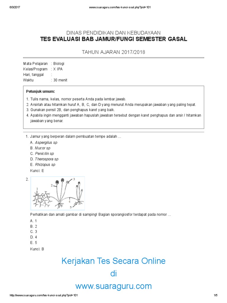 Contoh Soal Biologi Belahan Fungi (Jamur) (Biologi Kelas X Sma/Ma …
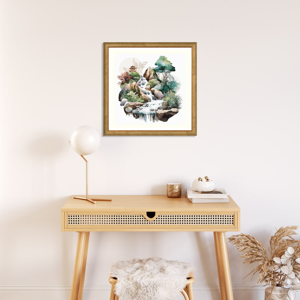 Enjoy the calming beauty of a serene mountain scene with this unique watercolor print. Featuring a small temple monument beside a clear waterfall with lush greenery, this print is sure to bring peace and serenity to your home. Perfect for any room, its vivid colors and precise details will create a truly stunning piece of art.
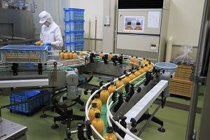 加工場では、主力商品のひとつであるみかんジュースが続々とできあがっていた。
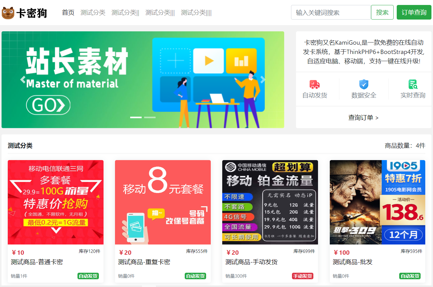 卡密狗又名KamiGou,是一款优雅、免费的在线自动发卡系统,基于ThinkPHP6+BootStrap4开发,自适应电脑、移动端,支持一键在线升级!
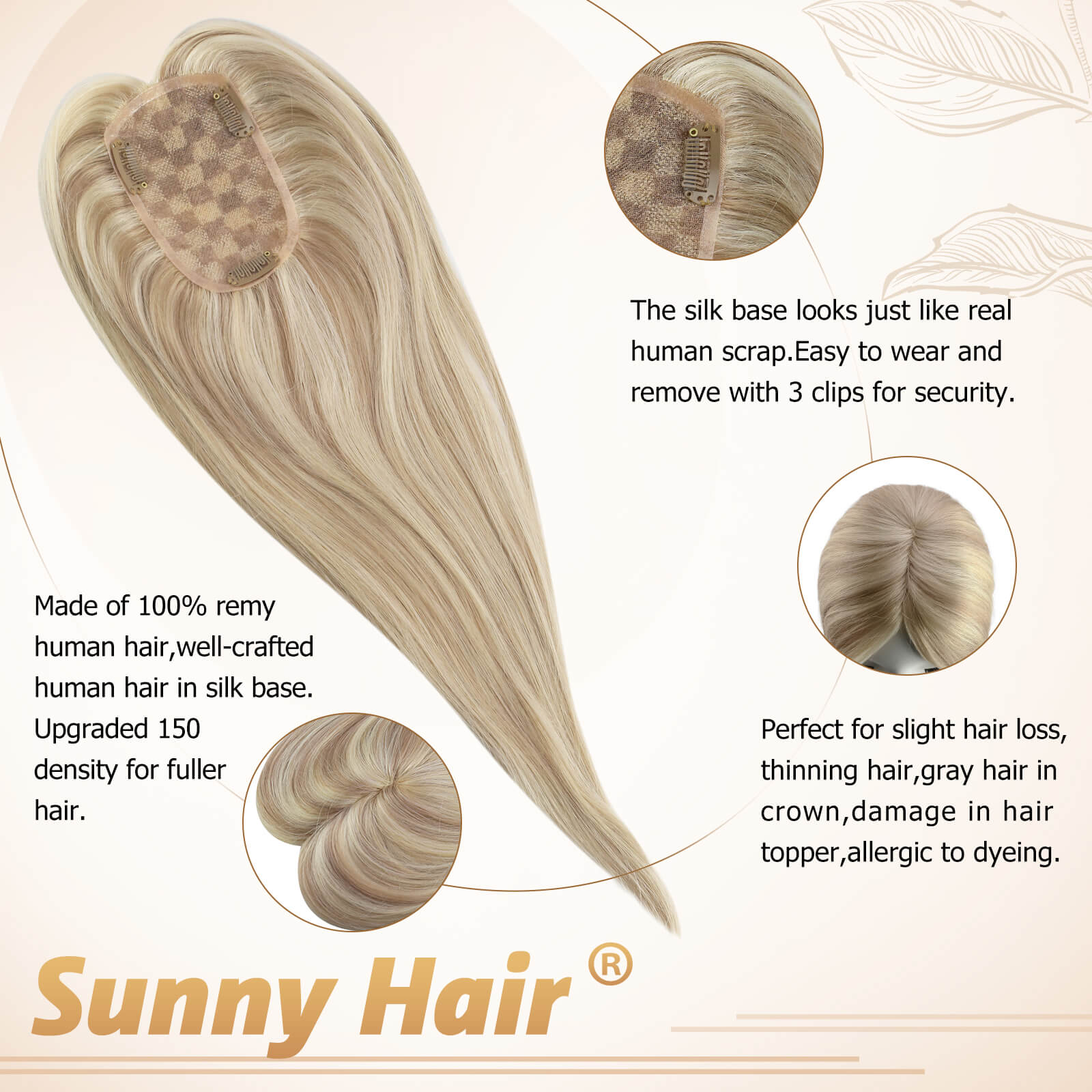 Highlighted blonde single top hair piece with light pink blonde clips

--------

Work request: Keep every word of the records exact as you write them out, but drop the pictures.

Solved problem:
 Contoh Soal Biologi Belahan Fungi (Jamur) (Biologi Kelas X Sma/Ma …
 Enjoy the calming beauty of a serene mountain scene with this unique watercolor print. Featuring a small temple monument beside a clear waterfall with lush greenery, this print is sure to bring peace and serenity to your home. Perfect for any room, its vivid colors and precise details will create a truly stunning piece of art.
 加工場では、主力商品のひとつであるみかんジュースが続々とできあがっていた。
 卡密狗又名KamiGou,是一款优雅、免费的在线自动发卡系统,基于ThinkPHP6+BootStrap4开发,自适应电脑、移动端,支持一键在线升级!
 Highlighted blonde single top hair piece with light pink blonde clips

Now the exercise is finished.